Social Security paying less than workers give.
They've warned us for years, now retirees are receiving less in Social Security than they paid in.
According to the Urban Institute, a married couple retiring last year, earning average lifetime wages, paid about $598,000 in Social Security taxes during their careers, but will only collect about $556,000 in benefits if they live into their 80s.
In 1960, retirees earned seven times the amount they put it in as long they made it to age 78 for men and 81 for women.
Not a problem says Edith Rincon with the Association for the Advancement of Retired Persons.
"Social Security is not in crisis at this moment," Rincon insists. "We know that it requires some meaningful changes to ensure future generations will receive the benefits they've earned."
Congressman Gene Green says so-called 'Baby Boomer' just live longer these days, and taking more out of the pot.
"My dad was fortunate to be in the Medicare generation, whereas his father and my other grandfather died before they even collected Social Security," says the Houston Democrat. "So, we're a victim of our success with good Medicare."

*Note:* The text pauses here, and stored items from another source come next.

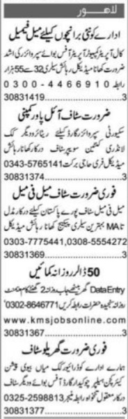 Educational qualifications required Matric, Master, Middle, Intermediate and Bachelor etc.
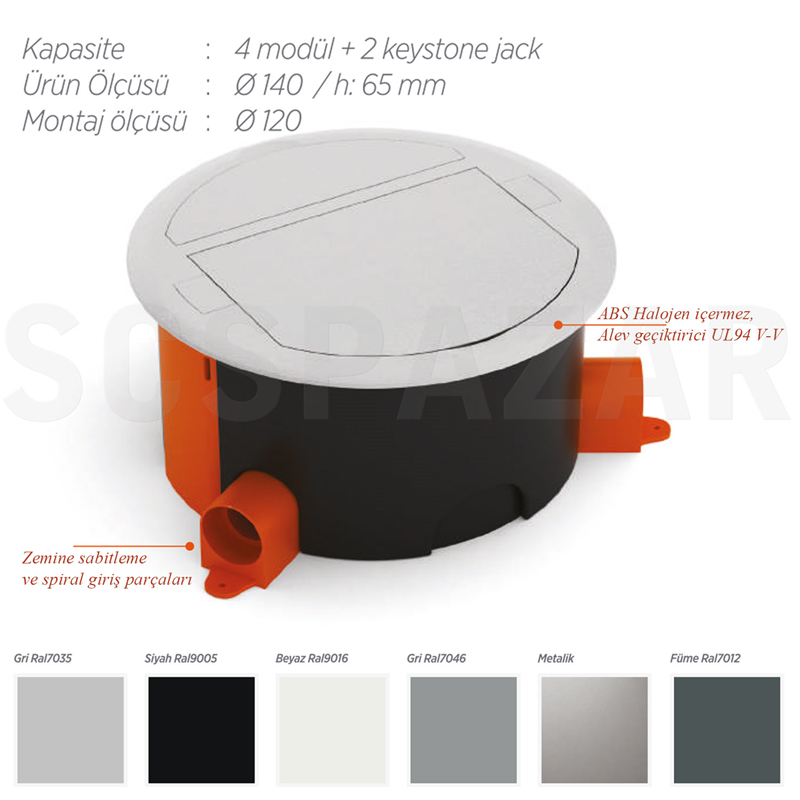 DÖŞEME ALTI GROMET PRİZ KUTUSU 120 LİK
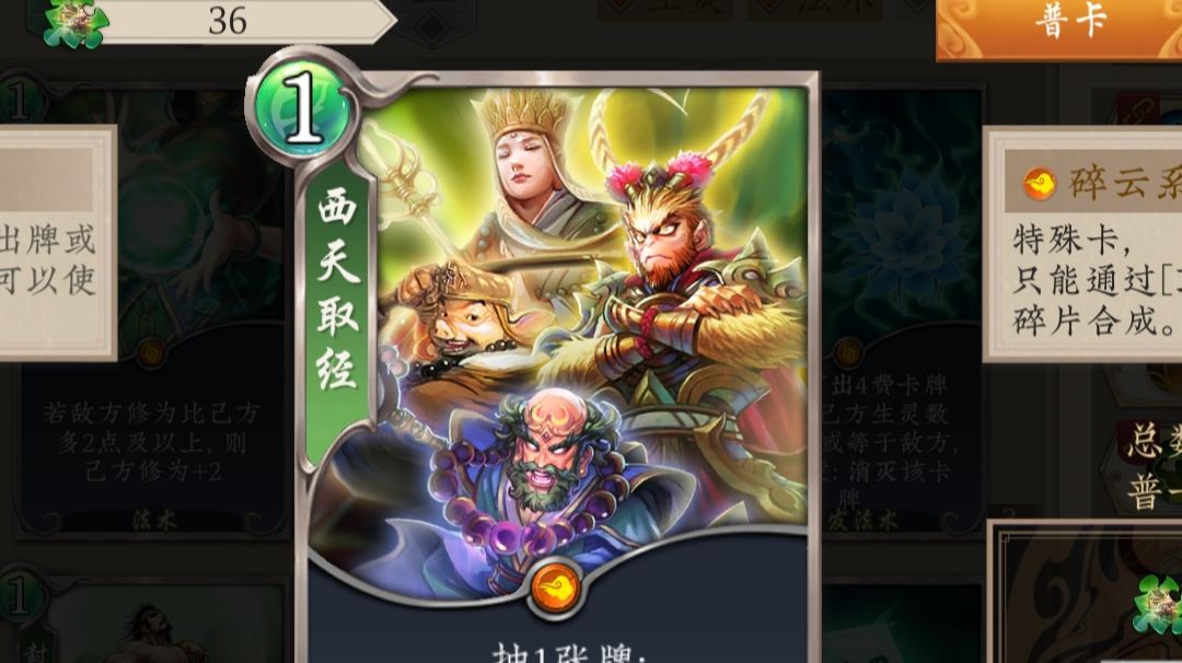 加强一下取经卡。 西天取经 1费木系连锁法术 抽一张牌,乙方场同时上有唐三藏/金蝉子,孙悟空/斗战胜佛,猪八戒/天蓬元帅,沙悟净/卷帘大将,四个圣灵时候,乙方胜利。 两个唐僧 斗战胜佛 金系佛门 7-5-20 〔延迟〕3费消灭敌方场上同一类别所有生灵,攻击+X,主角生命+2X〔X为消灭生灵数量〕 天蓬元帅 金系天将 5-3-14 进场时,乙方金系生灵攻击+X,水系生灵攻击+Y〔X为水系生灵个数,Y
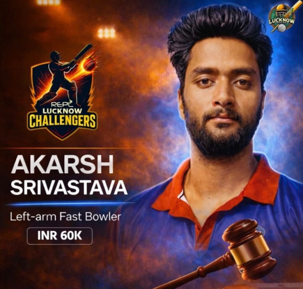 लखनऊ प्रीमियर लीग (एलपीएल)की नीलामी संपन्न: आकर्ष श्रीवास्तव 60 हजार में लखनऊ चैलेंजर्स में शामिल
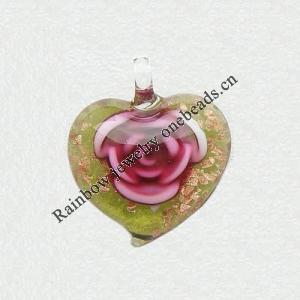 Inner Flower Lampwork Pendant, Heart 36x46mm Hole:About 7mm, Sold by PC

The Cato Institute's Michael Tanner says that's not good enough. He says major changes need to be made.
"You can bring in more money by raising the Social Security taxes on young workers," says Tanner. "Or you can reduce the amount of money going out by cutting Social Security benefits, which means raising the retirement age or changing the cost-of-living-adjustment."
Another option would allow today's workers could manage the money they chipped in so far.
"Social Security's rate of return is far less than private investment," Tanner says. "That's why one solution is to allow younger workers to privately invest at least a portion of their Social Security taxes through personal accounts."
It’s an issue Congress won't likely address until after the presidential election.